*Problem to work on*
If a record holds a picture, drop the picture and copy everything else exactly.

┌────────

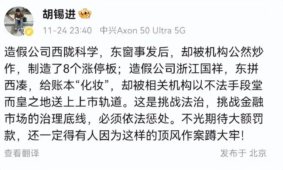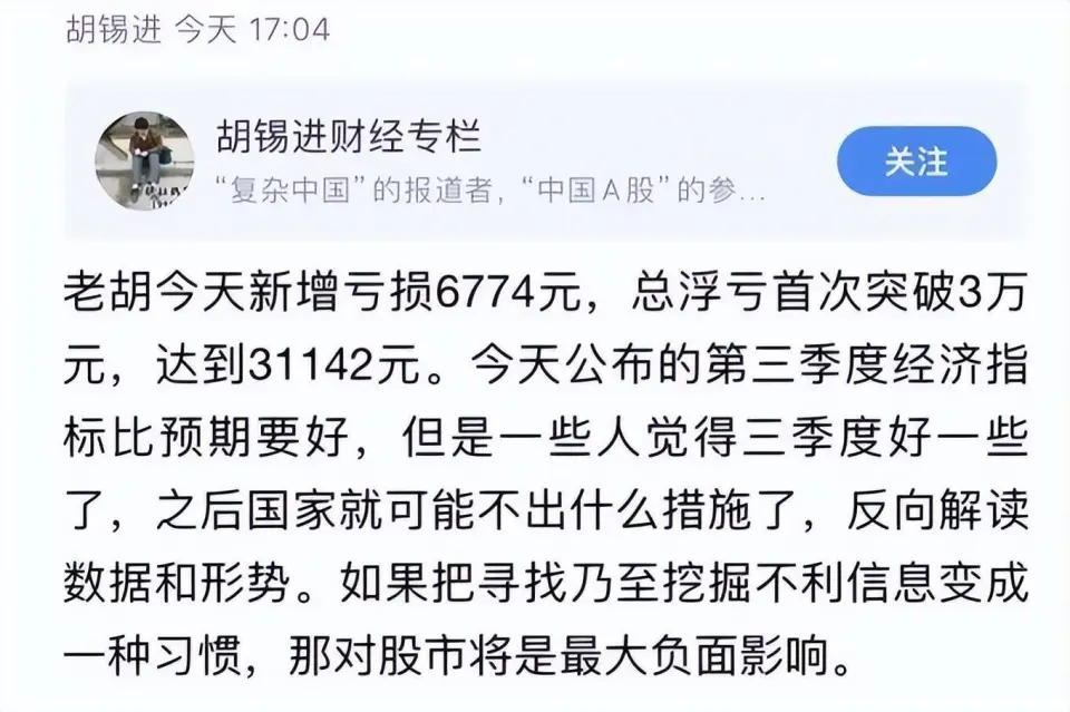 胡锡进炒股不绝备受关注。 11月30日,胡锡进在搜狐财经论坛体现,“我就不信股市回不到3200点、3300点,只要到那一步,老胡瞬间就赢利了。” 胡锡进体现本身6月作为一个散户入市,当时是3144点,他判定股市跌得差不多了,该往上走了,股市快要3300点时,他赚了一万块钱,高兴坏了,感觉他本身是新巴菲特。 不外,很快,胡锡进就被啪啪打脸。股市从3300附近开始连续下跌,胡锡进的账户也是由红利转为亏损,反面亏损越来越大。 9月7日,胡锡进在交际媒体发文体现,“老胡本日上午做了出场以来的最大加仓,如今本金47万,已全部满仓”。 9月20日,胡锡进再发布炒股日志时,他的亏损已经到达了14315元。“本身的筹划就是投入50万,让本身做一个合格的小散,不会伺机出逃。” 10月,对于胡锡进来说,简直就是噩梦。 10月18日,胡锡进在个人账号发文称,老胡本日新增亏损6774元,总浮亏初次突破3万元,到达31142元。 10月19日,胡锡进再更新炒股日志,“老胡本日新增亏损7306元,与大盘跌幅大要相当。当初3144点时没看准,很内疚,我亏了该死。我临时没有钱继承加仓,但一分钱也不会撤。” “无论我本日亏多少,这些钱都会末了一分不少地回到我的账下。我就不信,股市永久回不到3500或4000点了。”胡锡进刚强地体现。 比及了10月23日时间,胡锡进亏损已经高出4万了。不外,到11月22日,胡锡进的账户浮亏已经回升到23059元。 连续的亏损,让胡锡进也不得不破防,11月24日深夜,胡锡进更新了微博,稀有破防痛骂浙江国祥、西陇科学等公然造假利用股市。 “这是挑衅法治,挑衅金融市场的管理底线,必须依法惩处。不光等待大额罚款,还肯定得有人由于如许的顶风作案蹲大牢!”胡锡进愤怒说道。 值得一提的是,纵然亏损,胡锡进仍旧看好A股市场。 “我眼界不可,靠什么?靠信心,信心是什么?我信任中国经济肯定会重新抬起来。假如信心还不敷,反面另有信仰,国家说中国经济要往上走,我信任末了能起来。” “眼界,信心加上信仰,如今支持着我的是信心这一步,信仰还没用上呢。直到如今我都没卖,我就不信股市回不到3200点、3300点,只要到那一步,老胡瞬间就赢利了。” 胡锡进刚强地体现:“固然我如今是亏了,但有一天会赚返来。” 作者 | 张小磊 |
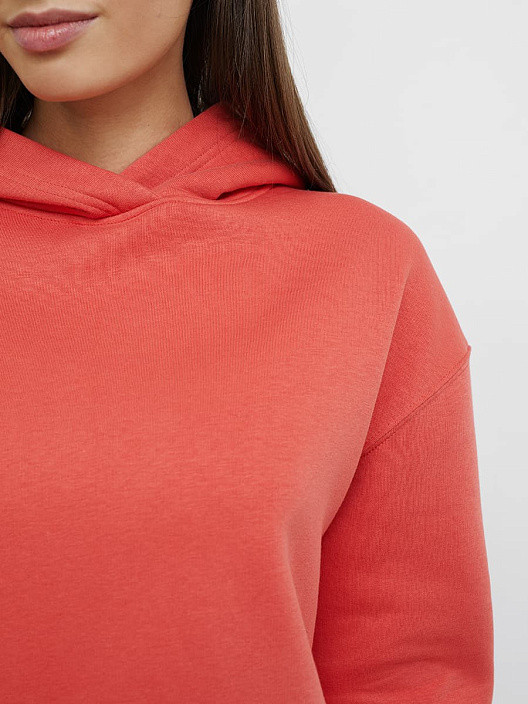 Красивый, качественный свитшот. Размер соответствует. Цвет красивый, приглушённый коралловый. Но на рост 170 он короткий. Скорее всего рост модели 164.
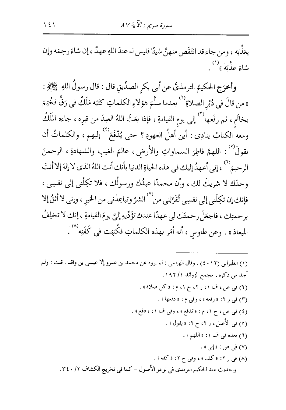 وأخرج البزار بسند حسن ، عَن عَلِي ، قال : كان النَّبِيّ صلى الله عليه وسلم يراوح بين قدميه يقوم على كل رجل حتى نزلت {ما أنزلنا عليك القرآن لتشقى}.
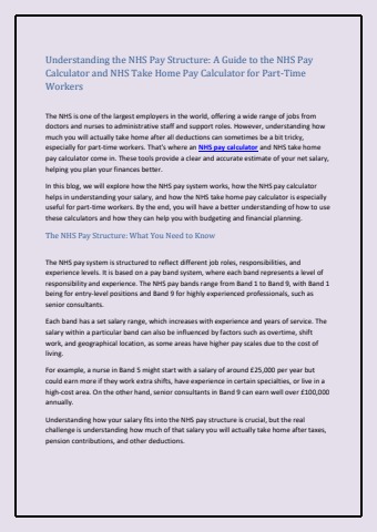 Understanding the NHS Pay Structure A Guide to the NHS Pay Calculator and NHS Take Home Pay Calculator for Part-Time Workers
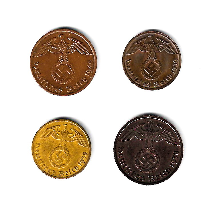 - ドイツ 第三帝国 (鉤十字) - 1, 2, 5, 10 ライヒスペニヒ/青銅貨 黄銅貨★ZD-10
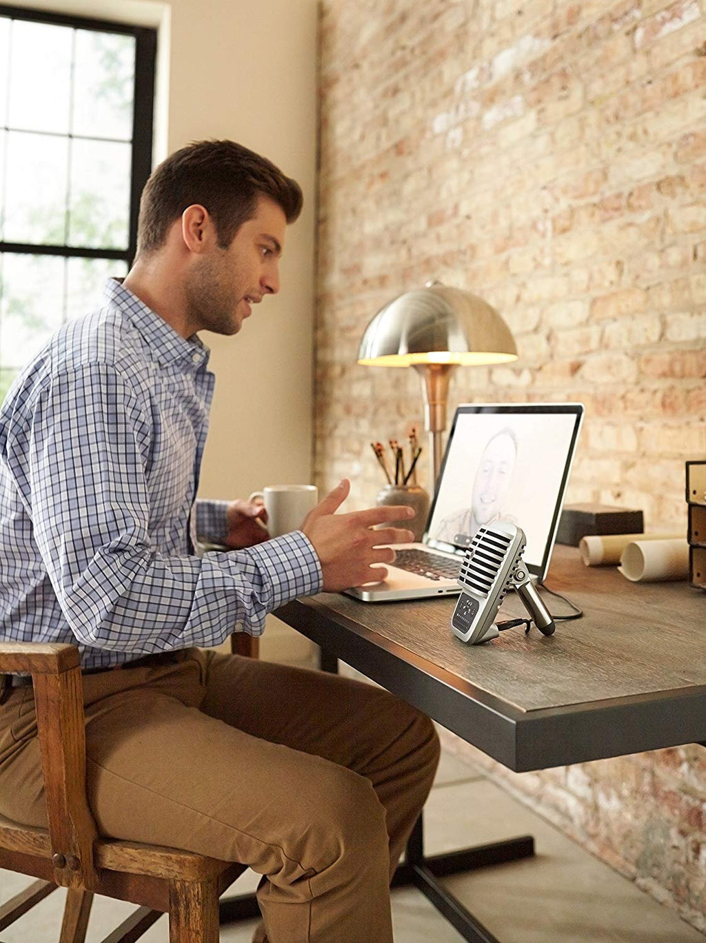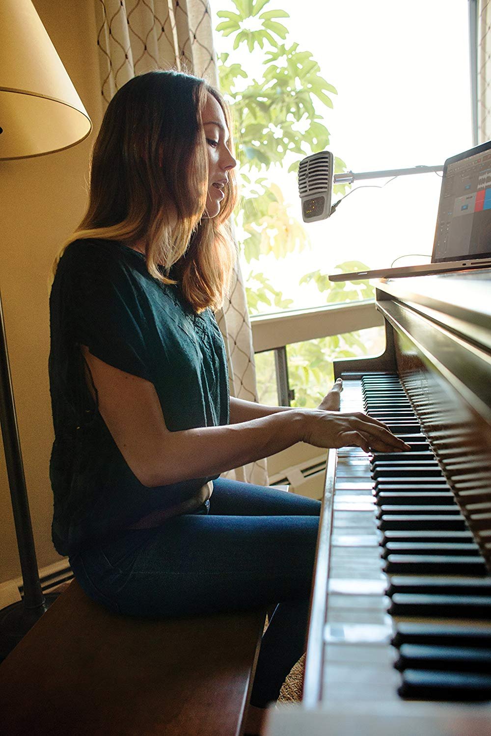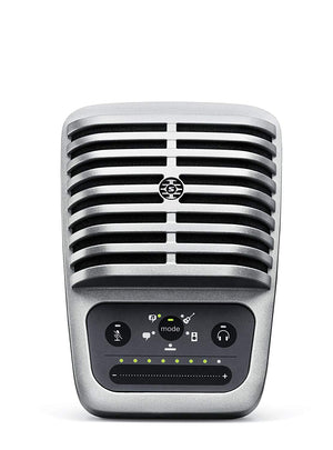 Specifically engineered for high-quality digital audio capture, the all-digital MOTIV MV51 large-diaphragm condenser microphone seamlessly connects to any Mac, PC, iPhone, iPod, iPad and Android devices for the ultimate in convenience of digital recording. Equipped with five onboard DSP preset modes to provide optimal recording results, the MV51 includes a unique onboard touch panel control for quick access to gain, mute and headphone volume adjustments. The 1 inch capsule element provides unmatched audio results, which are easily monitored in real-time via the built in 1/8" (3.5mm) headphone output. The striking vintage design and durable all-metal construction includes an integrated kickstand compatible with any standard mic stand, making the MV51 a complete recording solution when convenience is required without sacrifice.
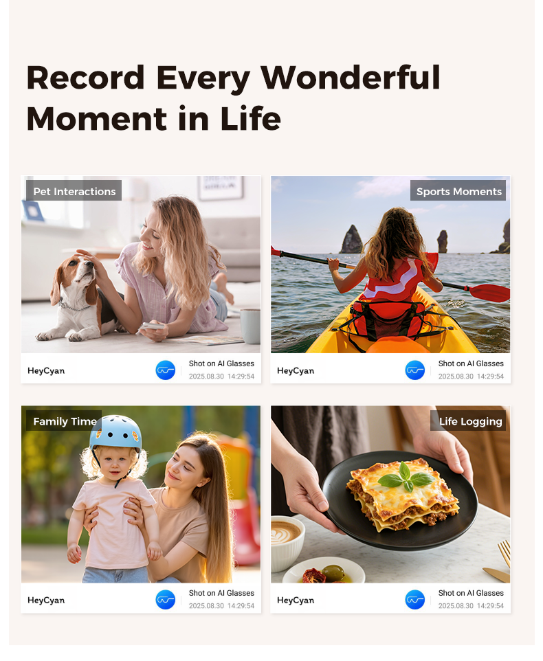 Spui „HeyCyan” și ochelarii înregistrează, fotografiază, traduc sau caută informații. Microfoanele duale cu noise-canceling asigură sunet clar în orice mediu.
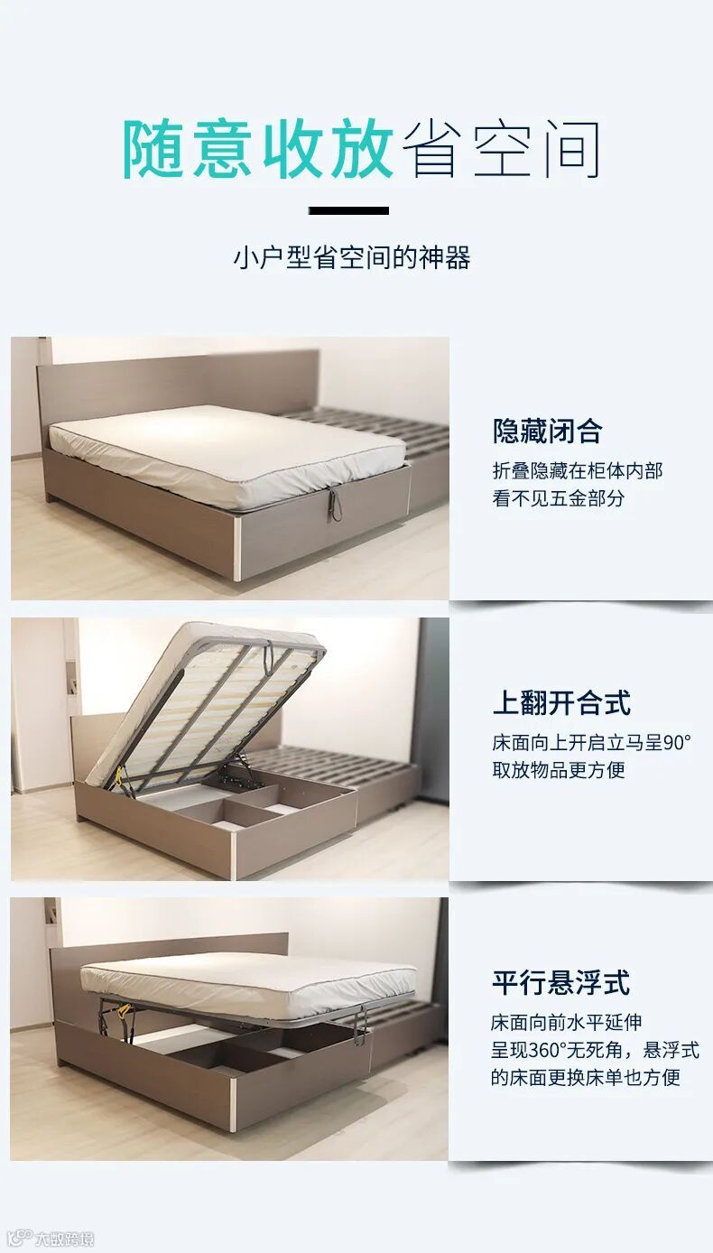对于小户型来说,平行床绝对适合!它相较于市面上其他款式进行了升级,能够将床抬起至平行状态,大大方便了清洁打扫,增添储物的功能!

└────────

*Solved problem*
 胡锡进炒股不绝备受关注。 11月30日,胡锡进在搜狐财经论坛体现,“我就不信股市回不到3200点、3300点,只要到那一步,老胡瞬间就赢利了。” 胡锡进体现本身6月作为一个散户入市,当时是3144点,他判定股市跌得差不多了,该往上走了,股市快要3300点时,他赚了一万块钱,高兴坏了,感觉他本身是新巴菲特。 不外,很快,胡锡进就被啪啪打脸。股市从3300附近开始连续下跌,胡锡进的账户也是由红利转为亏损,反面亏损越来越大。 9月7日,胡锡进在交际媒体发文体现,“老胡本日上午做了出场以来的最大加仓,如今本金47万,已全部满仓”。 9月20日,胡锡进再发布炒股日志时,他的亏损已经到达了14315元。“本身的筹划就是投入50万,让本身做一个合格的小散,不会伺机出逃。” 10月,对于胡锡进来说,简直就是噩梦。 10月18日,胡锡进在个人账号发文称,老胡本日新增亏损6774元,总浮亏初次突破3万元,到达31142元。 10月19日,胡锡进再更新炒股日志,“老胡本日新增亏损7306元,与大盘跌幅大要相当。当初3144点时没看准,很内疚,我亏了该死。我临时没有钱继承加仓,但一分钱也不会撤。” “无论我本日亏多少,这些钱都会末了一分不少地回到我的账下。我就不信,股市永久回不到3500或4000点了。”胡锡进刚强地体现。 比及了10月23日时间,胡锡进亏损已经高出4万了。不外,到11月22日,胡锡进的账户浮亏已经回升到23059元。 连续的亏损,让胡锡进也不得不破防,11月24日深夜,胡锡进更新了微博,稀有破防痛骂浙江国祥、西陇科学等公然造假利用股市。 “这是挑衅法治,挑衅金融市场的管理底线,必须依法惩处。不光等待大额罚款,还肯定得有人由于如许的顶风作案蹲大牢!”胡锡进愤怒说道。 值得一提的是,纵然亏损,胡锡进仍旧看好A股市场。 “我眼界不可,靠什么?靠信心,信心是什么?我信任中国经济肯定会重新抬起来。假如信心还不敷,反面另有信仰,国家说中国经济要往上走,我信任末了能起来。” “眼界,信心加上信仰,如今支持着我的是信心这一步,信仰还没用上呢。直到如今我都没卖,我就不信股市回不到3200点、3300点,只要到那一步,老胡瞬间就赢利了。” 胡锡进刚强地体现:“固然我如今是亏了,但有一天会赚返来。” 作者 | 张小磊 |
 Красивый, качественный свитшот. Размер соответствует. Цвет красивый, приглушённый коралловый. Но на рост 170 он короткий. Скорее всего рост модели 164.
 وأخرج البزار بسند حسن ، عَن عَلِي ، قال : كان النَّبِيّ صلى الله عليه وسلم يراوح بين قدميه يقوم على كل رجل حتى نزلت {ما أنزلنا عليك القرآن لتشقى}.
 Understanding the NHS Pay Structure A Guide to the NHS Pay Calculator and NHS Take Home Pay Calculator for Part-Time Workers
 - ドイツ 第三帝国 (鉤十字) - 1, 2, 5, 10 ライヒスペニヒ/青銅貨 黄銅貨★ZD-10
 Specifically engineered for high-quality digital audio capture, the all-digital MOTIV MV51 large-diaphragm condenser microphone seamlessly connects to any Mac, PC, iPhone, iPod, iPad and Android devices for the ultimate in convenience of digital recording. Equipped with five onboard DSP preset modes to provide optimal recording results, the MV51 includes a unique onboard touch panel control for quick access to gain, mute and headphone volume adjustments. The 1 inch capsule element provides unmatched audio results, which are easily monitored in real-time via the built in 1/8" (3.5mm) headphone output. The striking vintage design and durable all-metal construction includes an integrated kickstand compatible with any standard mic stand, making the MV51 a complete recording solution when convenience is required without sacrifice.
 Spui „HeyCyan” și ochelarii înregistrează, fotografiază, traduc sau caută informații. Microfoanele duale cu noise-canceling asigură sunet clar în orice mediu.
对于小户型来说,平行床绝对适合!它相较于市面上其他款式进行了升级,能够将床抬起至平行状态,大大方便了清洁打扫,增添储物的功能!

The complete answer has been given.